The study, by Georgetown University’s School of Nursing & Health Studies researchers, appeared April 28, 2022, in PLOS ONE.
Excess mortality, which helps account for avoidable deaths from a new disease or situation, is defined by the difference between total current deaths and deaths expected based on earlier time period, usually the previous decade or so. The U.S. Centers for Disease Control and Prevention (CDC) calculate these numbers weekly. For this study, the CDC excess mortality data were analyzed for the period between January 3, 2020, to September 26, 2021. For regional comparison purposes, areas of the country were broken down into the Northeast, Midwest, South and West.
“Our goal was to carefully examine regional differences in COVID-19 death rates based on reliable statistical data,” says Michael Stoto, PhD, professor of Health Systems Administration and Population Health at the School of Nursing & Health Studies and corresponding author of the study. “Our study is the first to quantify avoidable deaths and confirm that both COVID-19 deaths and avoidable deaths disproportionately occurred in the South.”
The investigators found that regional differences in COVID-19 mortality rates have persisted throughout the pandemic. The southern part of the United States has had higher mortality rates than the rest of the U.S. since the start of summer in 2020. Since October 2020, 48% of COVID-19 deaths were in the South, which makes up 38% of the population, pointing to disproportionate outcomes regionally.
The researchers also determined that between January 2020 and September 2021 there were 895,693 excess deaths associated with COVID-19, which is 26% more than reported by other experts who track disease. Although the official total neared 1 million deaths in the U.S due to COVID-19 by late April 2022, based on this undercount the scientists believe that threshold was actually passed at the beginning of 2022.

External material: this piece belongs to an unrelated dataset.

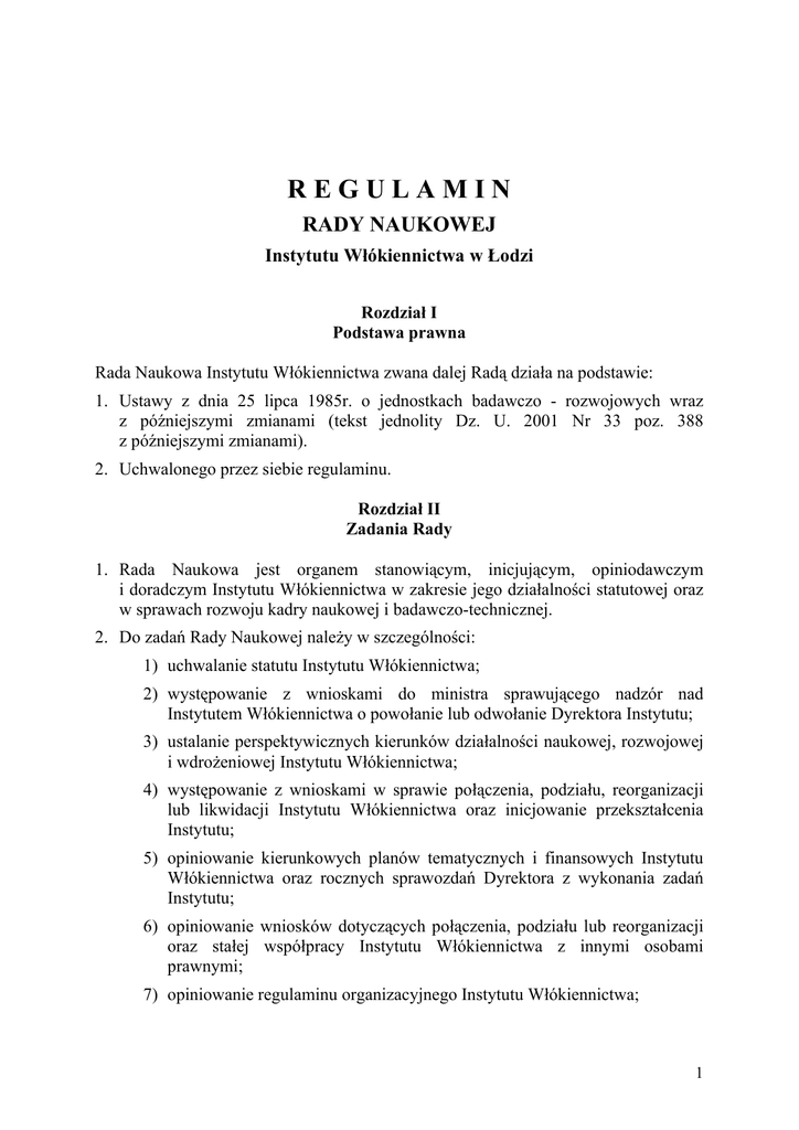 REGULAMIN RADY NAUKOWEJ Instytutu Włókiennictwa w Łodzi Rozdział I Podstawa prawna Rada Naukowa Instytutu Włókiennictwa zwana dalej Radą działa na podstawie: 1. Ustawy z dnia 25 lipca 1985r. o jednostkach badawczo - rozwojowych wraz z późniejszymi zmianami (tekst jednolity Dz. U. 2001 Nr 33 poz. 388 z późniejszymi zmianami). 2. Uchwalonego przez siebie regulaminu. Rozdział II Zadania Rady 1. Rada Naukowa jest organem stanowiącym, inicjującym, opiniodawczym i doradczym Instytutu Włókiennictwa w zakresie jego działalności statutowej oraz w sprawach rozwoju kadry naukowej i badawczo-technicznej. 2. Do zadań Rady Naukowej należy w szczególności: 1) uchwalanie statutu Instytutu Włókiennictwa; 2) występowanie z wnioskami do ministra sprawującego nadzór nad Instytutem Włókiennictwa o powołanie lub odwołanie Dyrektora Instytutu; 3) ustalanie perspektywicznych kierunków działalności naukowej, rozwojowej i wdrożeniowej Instytutu Włókiennictwa; 4) występowanie z wnioskami w sprawie połączenia, podziału, reorganizacji lub likwidacji Instytutu Włókiennictwa oraz inicjowanie przekształcenia Instytutu; 5) opiniowanie kierunkowych planów tematycznych i finansowych Instytutu Włókiennictwa oraz rocznych sprawozdań Dyrektora z wykonania zadań Instytutu; 6) opiniowanie wniosków dotyczących połączenia, podziału lub reorganizacji oraz stałej współpracy Instytutu Włókiennictwa z innymi osobami prawnymi; 7) opiniowanie regulaminu organizacyjnego Instytutu Włókiennictwa; 1 8) opiniowanie kandydatów na funkcje Dyrektora, Zastępców Dyrektora, Głównego Księgowego, Sekretarza Naukowego oraz kierowników komórek organizacyjnych, określonych w regulaminie organizacyjnym; 9) opiniowanie kwalifikacji osób na stanowiska pracowników naukowych i badawczo-technicznych oraz dokonywanie okresowej oceny dorobku naukowego i technicznego tych pracowników; 10) opiniowanie wniosków o przyznanie stypendiów naukowych; 11) opiniowanie wniosków dotyczących przewodów doktorskich i habilitacyjnych. 3. Rada Naukowa jest uprawniona do zajmowania stanowiska we wszystkich sprawach dotyczących działalności Instytutu Włókiennictwa. 4. Rada Naukowa sporządza opinie, o których mowa w pkt 2 ppkt 5-10 w terminie nie dłuższym niż 30 dni. Rozdział III Skład Rady Naukowej 1. Rada Naukowa jest organem kolegialnym. W skład Rady Naukowej Instytutu Włókiennictwa wchodzi 21 osób. 2. Kadencja Rady Naukowej trwa 4 lata. 3. Rada Naukowa wybiera w głosowaniu tajnym, bezwzględną większością głosów obecnych przy udziale 2/3 członków Rady Przewodniczącego, dwóch Zastępców i Sekretarza Rady. 4. Przewodniczącym Rady Naukowej może być tylko osoba posiadająca tytuł naukowy lub stopień naukowy doktora habilitowanego. 5. Przewodniczący Rady Naukowej, jego dwaj Zastępcy oraz Sekretarz stanowią Prezydium Rady Naukowej. Rozdział IV Tryb pracy Rady Naukowej 1. Rada Naukowa działa w oparciu o Regulamin Rady. 2. Regulamin Rady uchwalany jest bezwzględną większością głosów obecnych przy udziale przynajmniej 2/3 członków Rady. 3. Zmiana Regulaminu Rady może nastąpić na podstawie wniosku co najmniej l/3 członków Rady Naukowej. Uchwała podejmowana jest bezwzględną większością głosów obecnych przy udziale co najmniej 2/3 członków Rady Naukowej. 4. Rada Naukowa posiada zdolność do podejmowania uchwał przy obecności 50% +1 członków Rady, tj. 12 osób, w tym Przewodniczącego lub Zastępcy Przewodniczącego za wyjątkiem uchwał w sprawach wymienionych w rozdz. IV pkt. 2, 3 i 6. 2 5. Uchwały Rady Naukowej podejmowane są zwykłą większością głosów w przypadku równej liczby głosów rozstrzyga głos Przewodniczącego za wyjątkiem uchwał w sprawach wymienionych w rozdz. IV pkt. 2, 3 i 6. 6. Uchwały dotyczące wyborów Przewodniczącego Rady, Zastępców i Sekretarza podejmowane są bezwzględną większością głosów obecnych przy udziale co najmniej 2/3 członków Rady. 7. Uchwały Rady Naukowej podejmowane są w głosowaniu jawnym, dopuszcza się głosowanie tajne na wniosek jednego z członków Rady. 8. W sprawach personalnych uchwały podejmowane są w głosowaniu tajnym. 9. Prawo głosu w sprawach, o których mowa w rozdz. II pkt. 2 ppkt 9 i ppkt. 10 posiadają tylko członkowie Rady Naukowej ze stopniem naukowym lub tytułem naukowym. 10. Prawo głosu w sprawach, o których mowa w rozdz. II pkt. 2 ppkt 11 posiadają tylko członkowie Rady Naukowej ze stopniem naukowym doktora habilitowanego lub tytułem naukowym. 11. Uczestnicy obrad Rady Naukowej, nie będący członkami Rady, nie mają prawa do głosowania, a ich wypowiedzi mają charakter opiniodawczy. 12. Posiedzenia Rady Naukowej powinny odbywać się w miarę potrzeb, nie mniej jednak niż cztery razy w roku. 13. Posiedzenia Rady Naukowej zwołuje Przewodniczący lub jeden z jego Zastępców: 1) z własnej inicjatywy, 2) na wniosek Dyrektora Instytutu Włókiennictwa, 3) na wniosek co najmniej l/3 członków Rady. 14. Posiedzeniom Rady Naukowej przewodniczy Przewodniczący Rady Naukowej lub jeden z jego Zastępców. 15. Zawiadomienia o posiedzeniu Rady Naukowej powinny być doręczone wraz z materiałami wszystkim członkom Rady, co najmniej na 7 dni przed datą posiedzenia. 16. W szczególnych przypadkach Rada może być zwołana w trybie pilnym. 17. Członkowie Rady Naukowej zobowiązani są zgłosić Przewodniczącemu Rady lub jego Zastępcy swoją przewidywaną nieobecność na posiedzeniu. 18. W posiedzeniu Rady Naukowej biorą udział: 1) Dyrektor Instytutu Włókiennictwa, 2) przedstawiciele organizacji związkowych (po jednej osobie), 3) zaproszeni goście. 19. Z posiedzeń Rady Naukowej, sporządza się protokoły, które po zatwierdzeniu na najbliższym posiedzeniu Rady, przechowuje Sekretarz Rady Naukowej. 3 20. W uzasadnionych przypadkach dopuszczany jest obiegowy tryb podejmowania uchwał oraz zatwierdzania protokołu z posiedzenia Rady Naukowej. 21

These estimates of undercounts are important because most studies have looked at excess mortality at the state and county level in the U.S., but because of small population sizes, the studies have not examined patterns over time. Some earlier studies explored the relationship between COVID-19 mortality and age, education, and other factors, as well as vaccine uptake, party affiliation, and other factors. But most studies have used reported COVID-19 deaths rather than excess deaths, as compared to what Dr. Stoto and collaborators have done, and may not be as statistically reliable.

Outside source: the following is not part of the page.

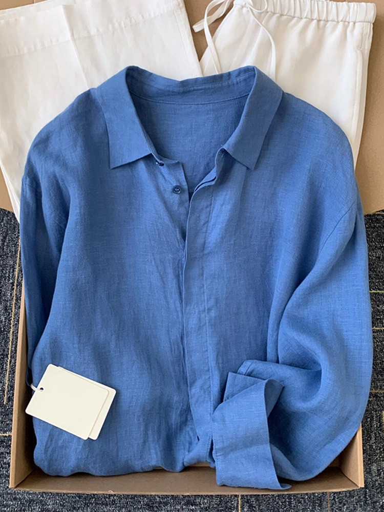 프랑스 블루 리넨 셔츠 여성의 여름 얇은 느슨한 오래 된 돈 바람 리넨 셔츠 긴 소매 선 스크린 면 리넨 탑
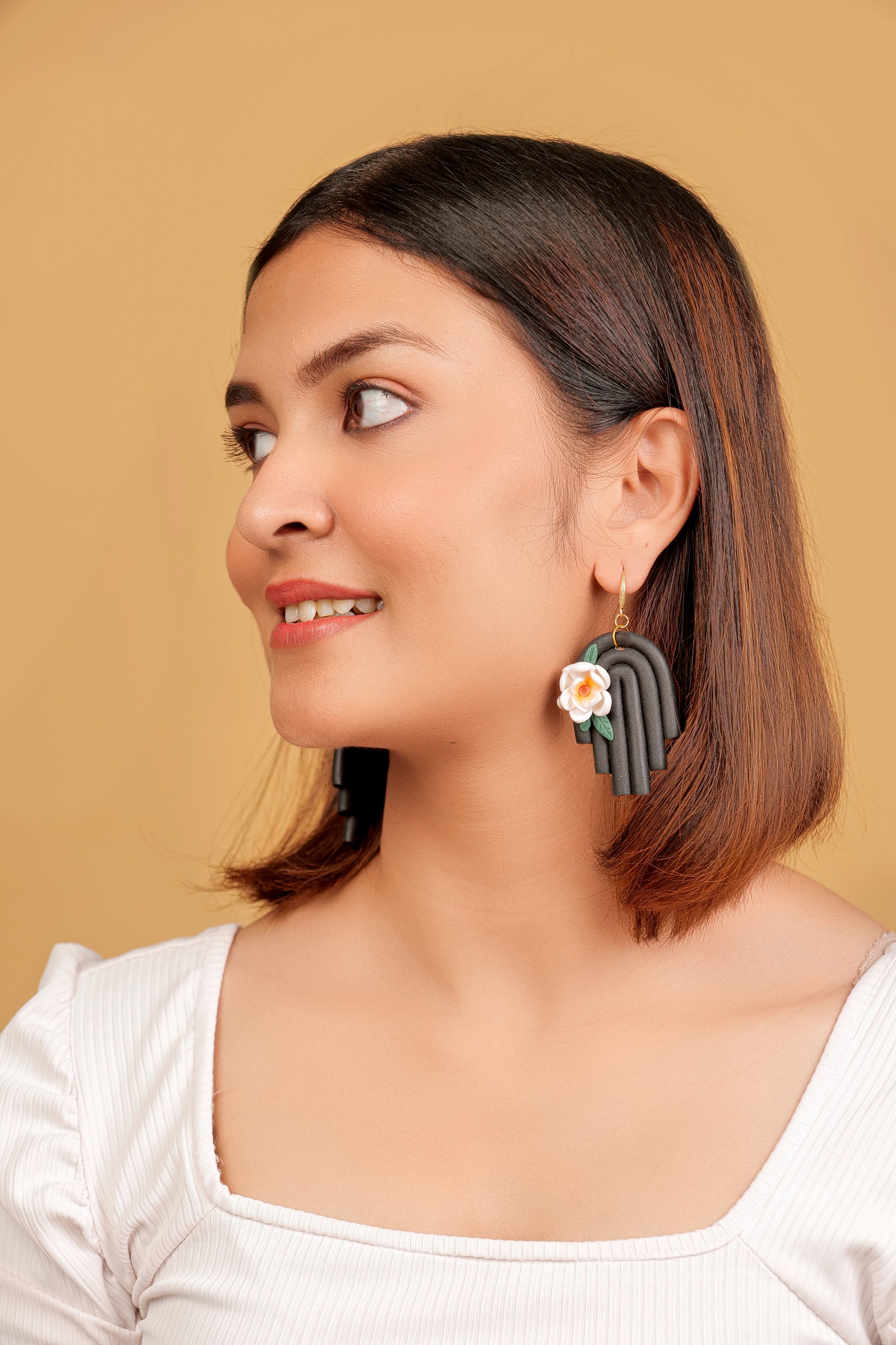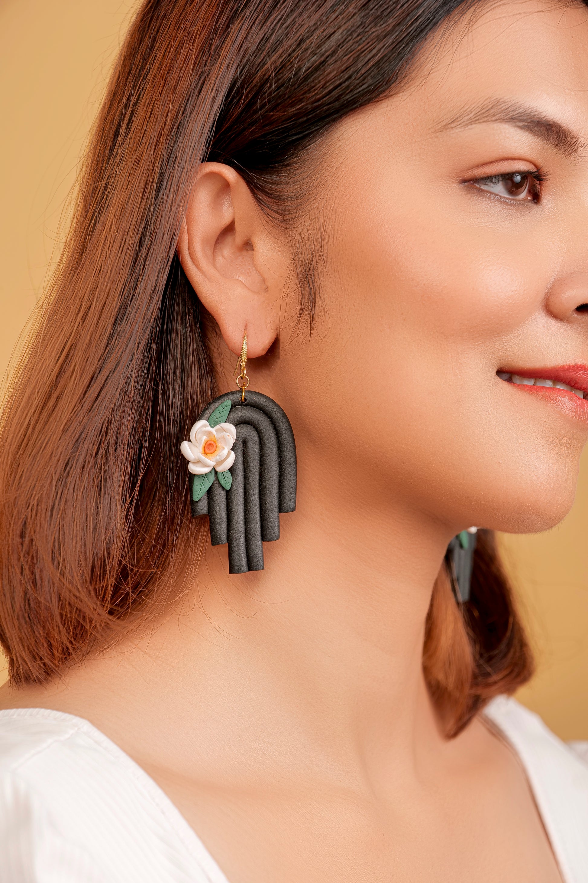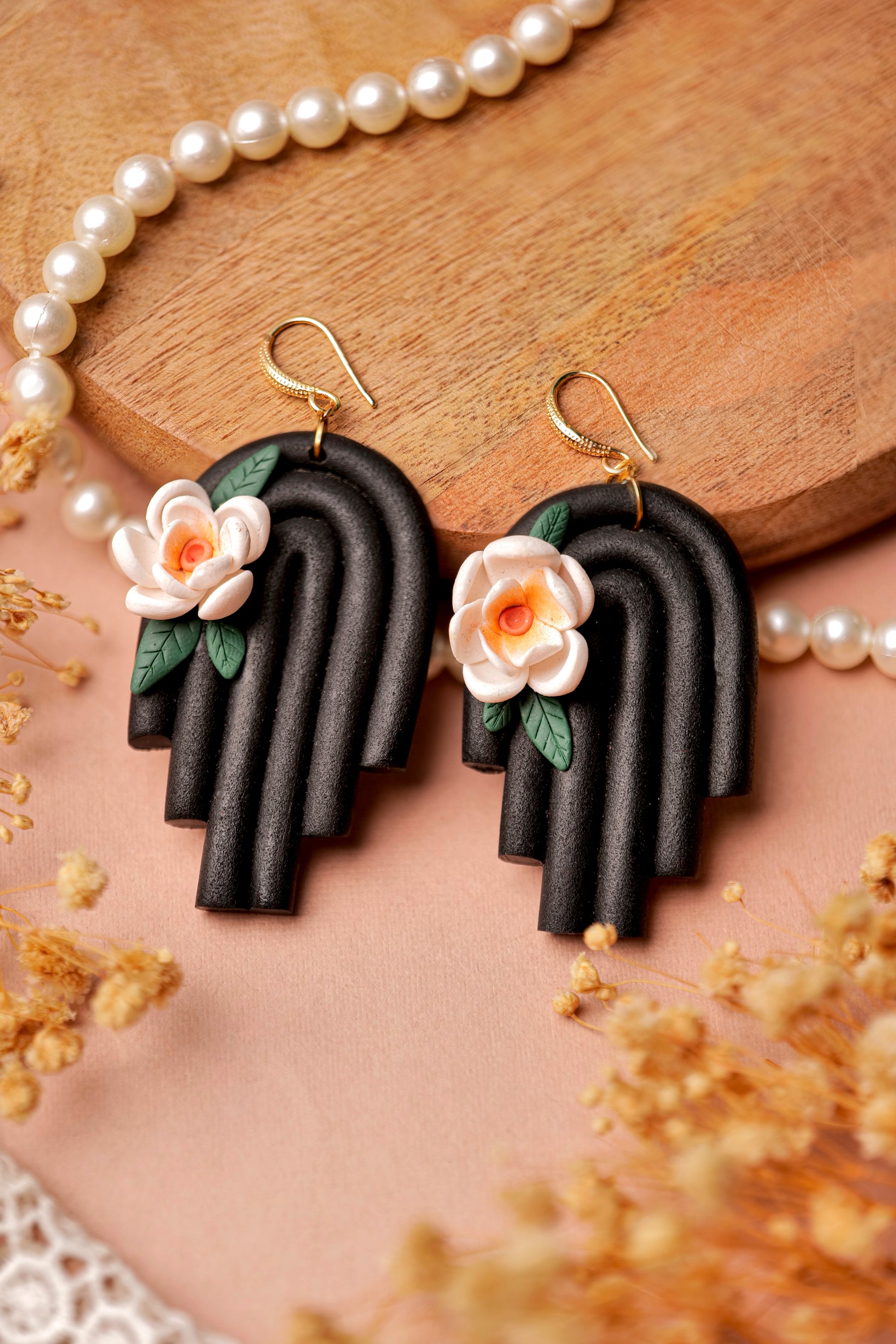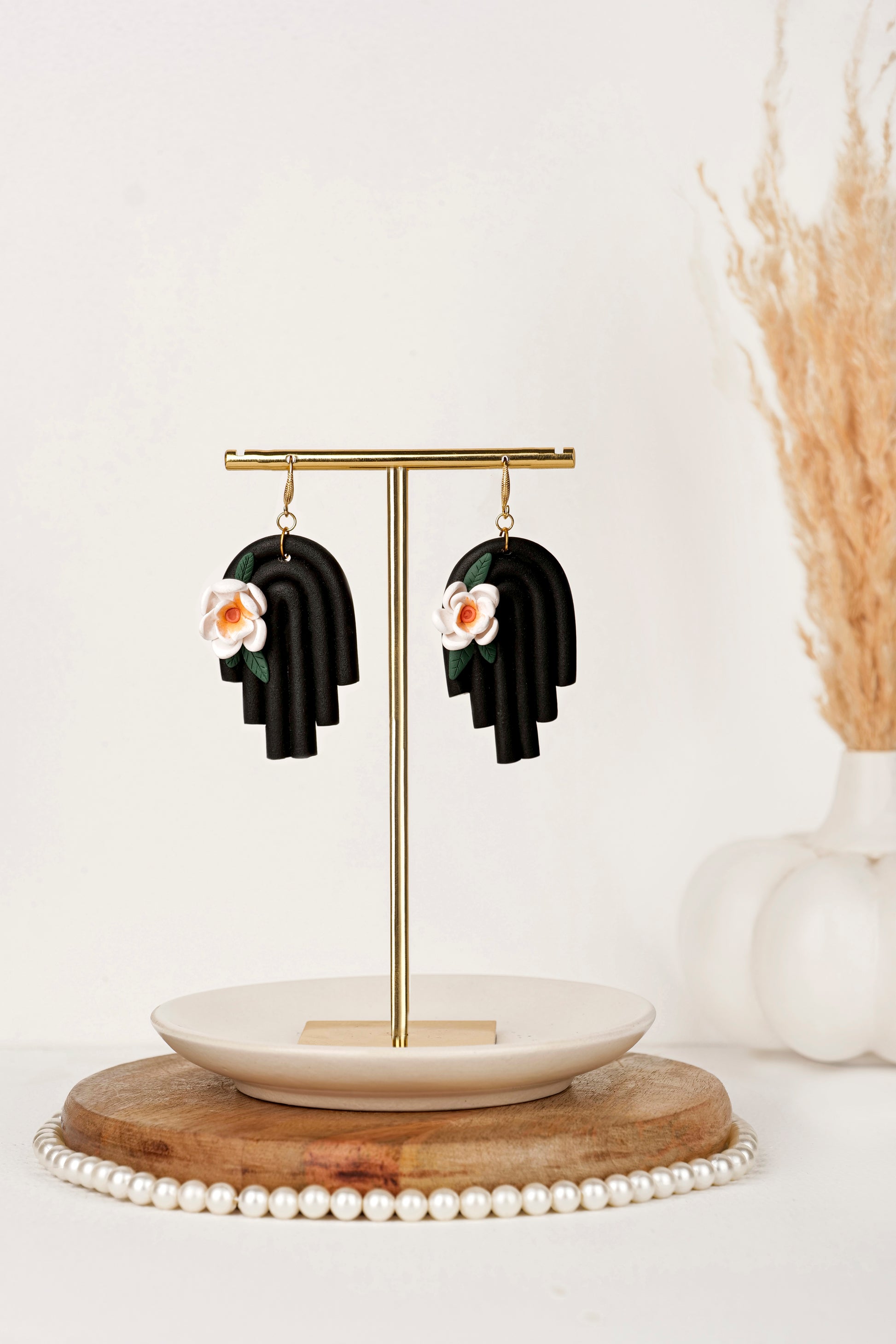 Sculpted in a bold arched form, these black polymer clay earrings feature delicately layered white floral motifs.

“This is one of a series of planned studies to look carefully at the response to COVID-19 in the U.S. and other countries and to learn from the experience in order to strengthen preparedness for future potential outbreaks,” says Stoto. “Our team has also looked at testing and surveillance, and other COVID-19 metrics to understand how communities have come together to effectively deal with the pandemic.”

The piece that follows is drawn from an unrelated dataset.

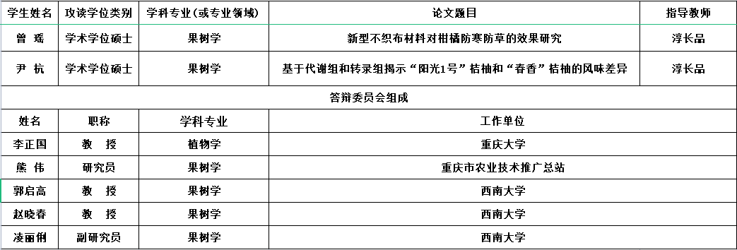 答辩地点(线上线下结合):柑桔研究所综合楼二楼会议室,腾讯会议号661-565-201
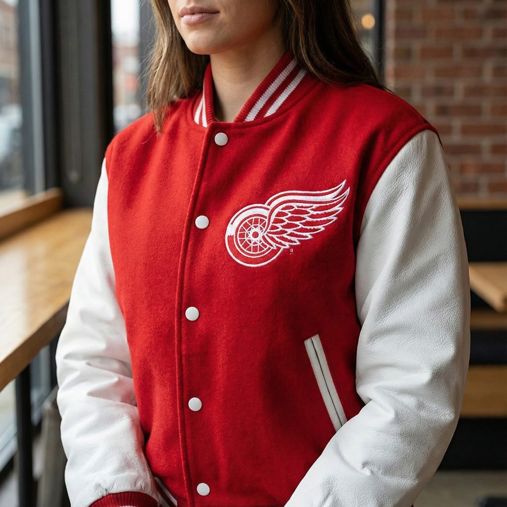 Show off your Detroit Red Wings pride with this premium Letterman varsity jacket. Made from high-quality wool with genuine leather sleeves, this jacket offers a luxurious and durable fit. The striking red and white color combination represents the team's iconic look, while the detailed embroidered logo brings out the true spirit of the Red Wings. Whether you’re at the game or out with friends, this jacket ensures you stand out in style.

In addition to Stoto, the other authors from Georgetown include Samantha Schlageter, who conducted this work as an undergraduate in the Health Care Management & Policy program at the School of Nursing & Health Studies (NHS), and John D. Kraemer, an associate professor in Department of Health Systems Administration at NHS.
The authors report having no personal financial interests related to the study and no outside funding supported this work.